Class for managing the lifetime of a given gpu allocation. As instances of this class own an underlying resource they are not copyable and must be std::move'd (thus invalidating the original variable) or references made. More...

#include <cuda_internal.h>

Public Member Functions
	GPUAllocation (void)=default

	GPUAllocation (GPUAllocation &&other) noexcept

	GPUAllocation (const GPUAllocation &)=delete

GPUAllocation &	operator= (GPUAllocation &&) noexcept

GPUAllocation &	operator= (const GPUAllocation &)=delete

	~GPUAllocation ()

	operator bool (void) const

OsHandle	get_os_handle (void) const
	Accessor for the file descriptor or win32 HANDLE associated with the allocation. This handle can be shared with other APIs or other processes and opened with GPUAllocation::open_handle.

bool	get_ipc_handle (CUipcMemHandle &handle) const
	Retrieves the CUipcMemHandle for this allocation that can be used with GPUAllocation::open_ipc.

CUdeviceptr	get_dptr (void) const
	Retrieves the base CUdeviceptr for the associated allocation that can be used to access the underlying memory of the allocation from the device or with cuda apis that take a CUdeviceptr.

GPU *	get_gpu (void) const
	Retrieves the owning GPU.

size_t	get_size (void) const
	Retrieves the given size of the allocation.

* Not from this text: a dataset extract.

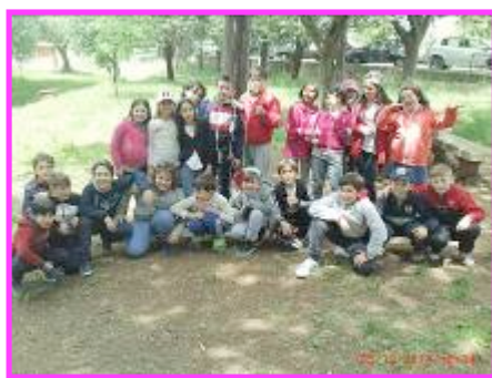
Un giorno alle grotte di Castellana

template<typename T = void>
T *	get_hptr (void) const
	Retrieves the CPU accessible base address for the allocation, or nullptr if there is no way to access this allocation from the CPU.

Static Public Member Functions
static void *	get_win32_shared_attributes (void)
	Retrieves the default win32 shared attributes for creating a shared object that can be set in CUmemAllocationProp::win32Metadata and passed to GPUAllocation::allocate_mmap.

static GPUAllocation *	allocate_dev (GPU *gpu, size_t size, bool peer_enabled=true, bool shareable=true)
	Allocates device-located memory for the given gpu with the given size and features.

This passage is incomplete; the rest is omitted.